DATA FOR THIS EXERCISE:
== Segment start ==
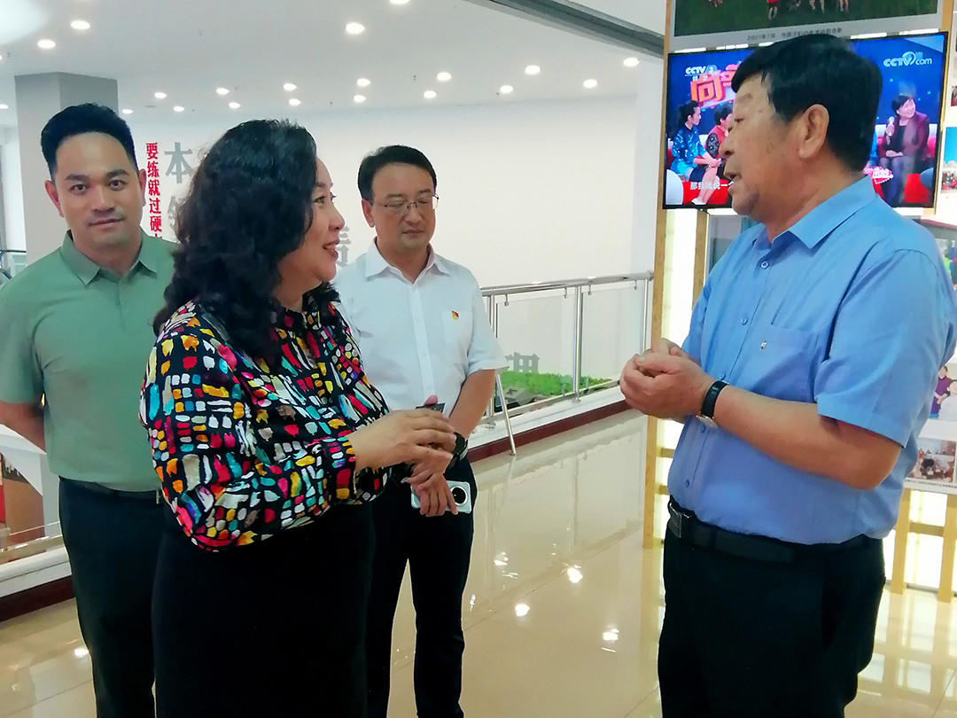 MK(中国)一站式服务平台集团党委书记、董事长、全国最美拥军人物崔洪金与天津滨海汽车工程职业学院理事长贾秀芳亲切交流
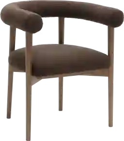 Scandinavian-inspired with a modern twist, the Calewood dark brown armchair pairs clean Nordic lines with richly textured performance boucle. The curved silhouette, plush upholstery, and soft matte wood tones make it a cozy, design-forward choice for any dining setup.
== Segment end ==
== Segment start ==
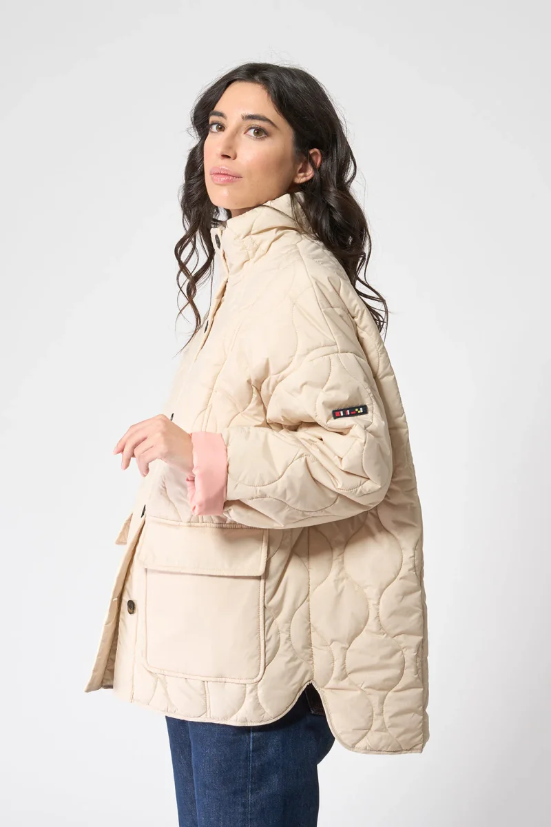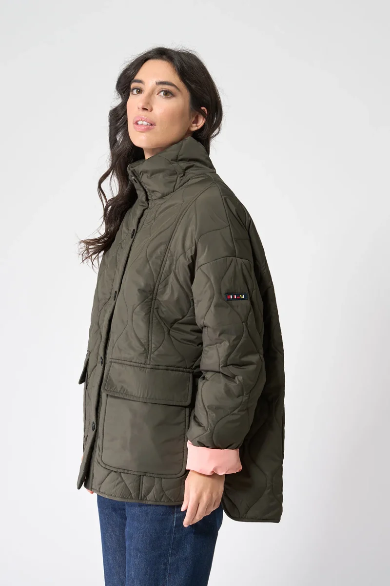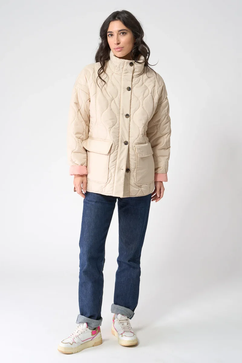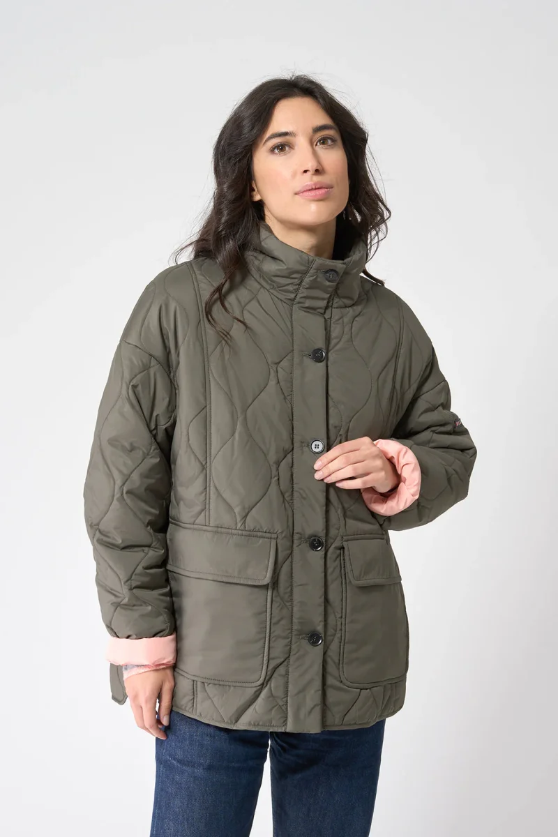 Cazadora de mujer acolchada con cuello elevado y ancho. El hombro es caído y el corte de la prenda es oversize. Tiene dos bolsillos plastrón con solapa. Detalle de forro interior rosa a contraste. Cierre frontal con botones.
== Segment end ==
ASSIGNED TASK: Your copy should hold only the lines above from the one containing "MK(中国)一站式服务平台集" through the one containing "Scandinavian-inspired with a", exactly as written and free of pictures.

EXERCISE ANSWER:
 MK(中国)一站式服务平台集团党委书记、董事长、全国最美拥军人物崔洪金与天津滨海汽车工程职业学院理事长贾秀芳亲切交流
 Scandinavian-inspired with a modern twist, the Calewood dark brown armchair pairs clean Nordic lines with richly textured performance boucle. The curved silhouette, plush upholstery, and soft matte wood tones make it a cozy, design-forward choice for any dining setup.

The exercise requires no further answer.